**EXERCISE BRIEF**
Reproduce exactly, and only, the lines of the material below running from the line bearing "You also can" through the line bearing "Antique Victorian Carved". Leave any pictures out.

---------- DATA EXTRACTS

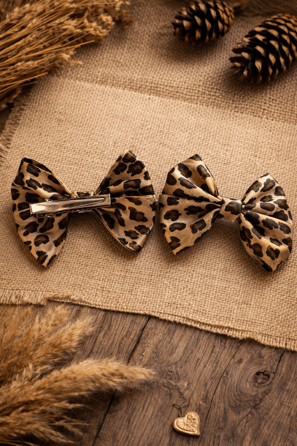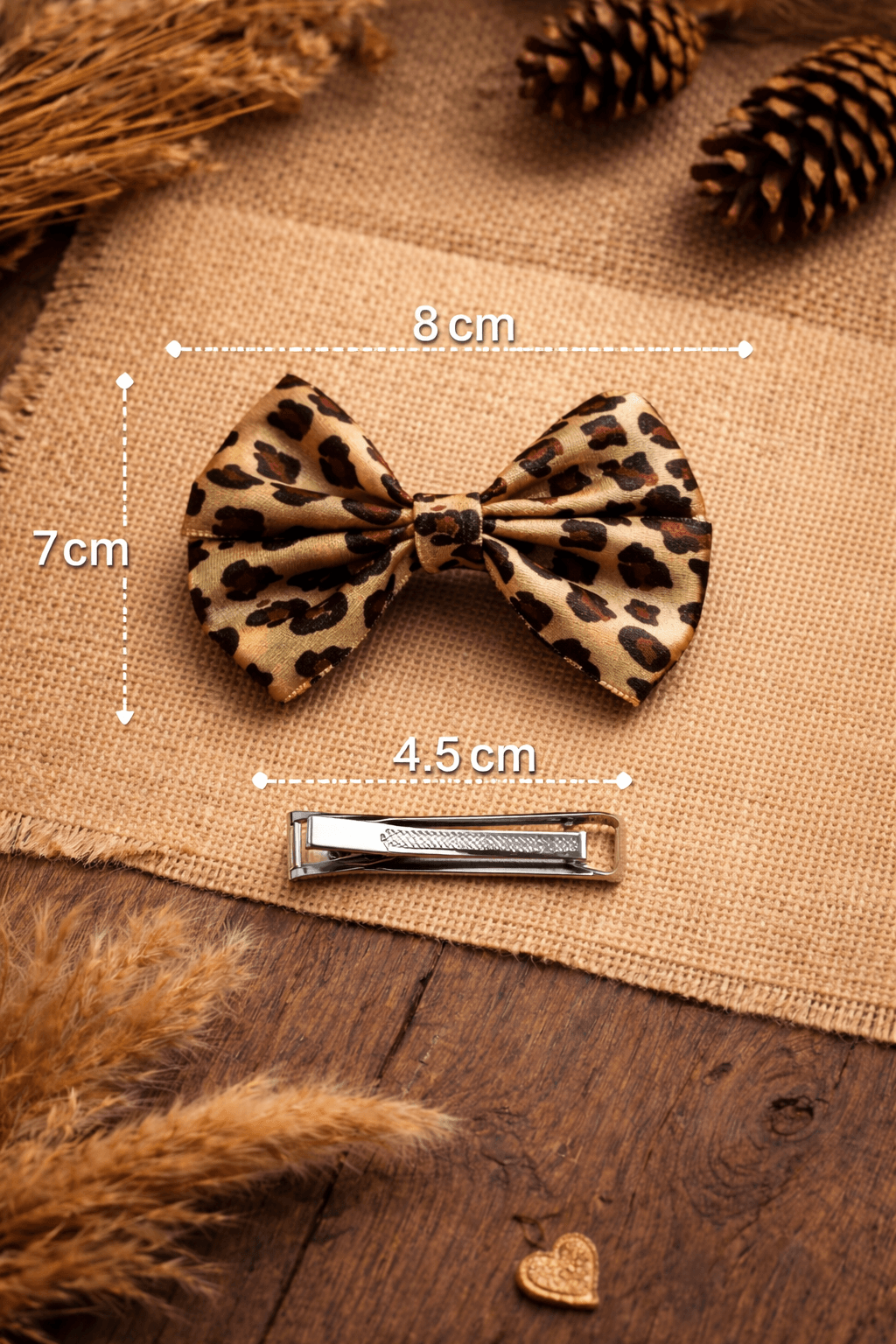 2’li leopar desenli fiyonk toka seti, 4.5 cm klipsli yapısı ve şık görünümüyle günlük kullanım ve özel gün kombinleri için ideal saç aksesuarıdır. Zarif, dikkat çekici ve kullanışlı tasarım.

--------------------
---------- DATA EXTRACTS

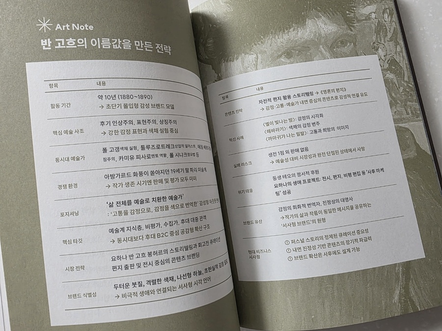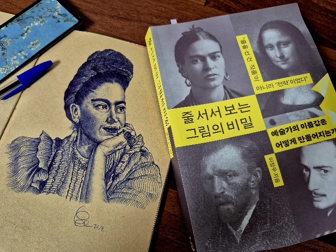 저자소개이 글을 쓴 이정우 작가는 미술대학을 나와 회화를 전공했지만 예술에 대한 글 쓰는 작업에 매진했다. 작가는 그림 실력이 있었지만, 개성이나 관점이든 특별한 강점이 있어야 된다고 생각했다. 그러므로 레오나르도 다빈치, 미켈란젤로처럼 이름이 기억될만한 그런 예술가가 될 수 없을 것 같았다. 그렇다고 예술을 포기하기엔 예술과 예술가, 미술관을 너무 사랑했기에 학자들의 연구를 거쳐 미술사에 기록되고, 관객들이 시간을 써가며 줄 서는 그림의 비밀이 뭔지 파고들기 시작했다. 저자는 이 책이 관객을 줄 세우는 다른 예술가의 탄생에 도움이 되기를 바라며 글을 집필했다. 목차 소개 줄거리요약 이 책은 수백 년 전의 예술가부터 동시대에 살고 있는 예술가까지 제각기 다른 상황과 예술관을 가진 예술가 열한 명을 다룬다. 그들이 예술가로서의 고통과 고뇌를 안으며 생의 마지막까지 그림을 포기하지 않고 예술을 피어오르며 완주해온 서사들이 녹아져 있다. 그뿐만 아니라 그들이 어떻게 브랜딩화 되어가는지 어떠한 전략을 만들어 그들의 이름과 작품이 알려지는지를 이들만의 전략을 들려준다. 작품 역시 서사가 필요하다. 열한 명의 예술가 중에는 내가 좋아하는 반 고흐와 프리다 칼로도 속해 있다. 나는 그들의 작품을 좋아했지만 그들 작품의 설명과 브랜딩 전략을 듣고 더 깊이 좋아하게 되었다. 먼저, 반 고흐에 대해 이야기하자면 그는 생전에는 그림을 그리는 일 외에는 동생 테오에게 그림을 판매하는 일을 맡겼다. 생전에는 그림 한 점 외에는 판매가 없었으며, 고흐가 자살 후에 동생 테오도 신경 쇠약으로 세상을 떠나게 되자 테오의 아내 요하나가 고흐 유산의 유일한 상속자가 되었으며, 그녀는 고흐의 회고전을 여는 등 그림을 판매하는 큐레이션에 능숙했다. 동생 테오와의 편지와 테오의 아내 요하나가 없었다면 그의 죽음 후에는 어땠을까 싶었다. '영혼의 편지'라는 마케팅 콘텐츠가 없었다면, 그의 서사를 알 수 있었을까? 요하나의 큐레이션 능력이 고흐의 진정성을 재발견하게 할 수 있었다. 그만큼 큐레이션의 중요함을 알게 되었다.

--------------------
---------- DATA EXTRACTS

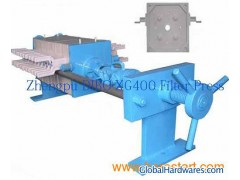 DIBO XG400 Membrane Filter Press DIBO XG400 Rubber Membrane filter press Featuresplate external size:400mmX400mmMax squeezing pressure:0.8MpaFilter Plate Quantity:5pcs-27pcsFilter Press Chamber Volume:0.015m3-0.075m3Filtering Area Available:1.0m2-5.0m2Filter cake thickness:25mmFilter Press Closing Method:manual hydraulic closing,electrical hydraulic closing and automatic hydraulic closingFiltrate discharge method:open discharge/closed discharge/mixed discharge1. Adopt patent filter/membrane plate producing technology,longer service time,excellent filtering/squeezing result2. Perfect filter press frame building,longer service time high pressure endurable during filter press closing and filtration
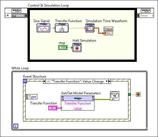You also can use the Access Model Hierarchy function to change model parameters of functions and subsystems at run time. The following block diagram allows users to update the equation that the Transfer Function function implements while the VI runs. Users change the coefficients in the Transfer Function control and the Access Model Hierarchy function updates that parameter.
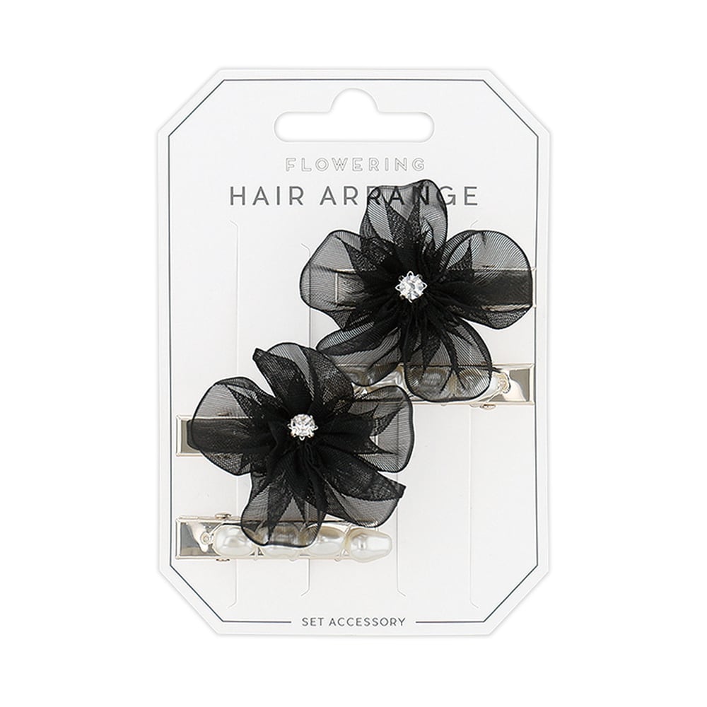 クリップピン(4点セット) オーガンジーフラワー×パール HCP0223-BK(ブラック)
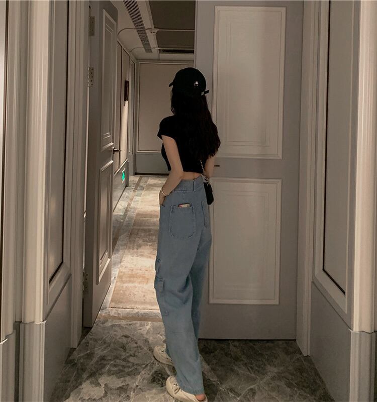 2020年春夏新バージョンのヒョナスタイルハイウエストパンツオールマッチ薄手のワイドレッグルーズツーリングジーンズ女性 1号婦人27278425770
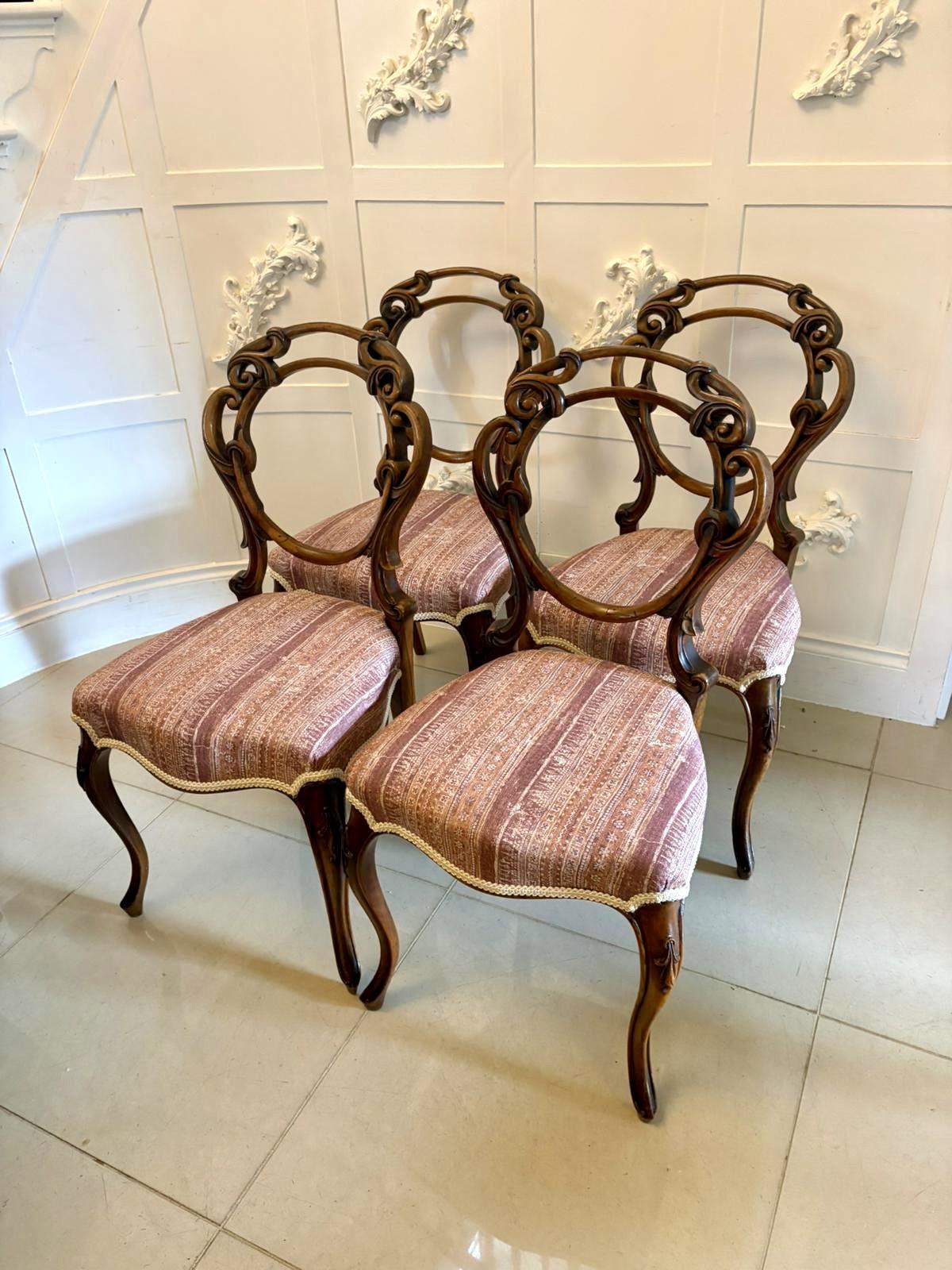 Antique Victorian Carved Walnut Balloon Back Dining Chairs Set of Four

--------------------

**FINAL ANSWER**
You also can use the Access Model Hierarchy function to change model parameters of functions and subsystems at run time. The following block diagram allows users to update the equation that the Transfer Function function implements while the VI runs. Users change the coefficients in the Transfer Function control and the Access Model Hierarchy function updates that parameter.
 クリップピン(4点セット) オーガンジーフラワー×パール HCP0223-BK(ブラック)
 2020年春夏新バージョンのヒョナスタイルハイウエストパンツオールマッチ薄手のワイドレッグルーズツーリングジーンズ女性 1号婦人27278425770
 Antique Victorian Carved Walnut Balloon Back Dining Chairs Set of Four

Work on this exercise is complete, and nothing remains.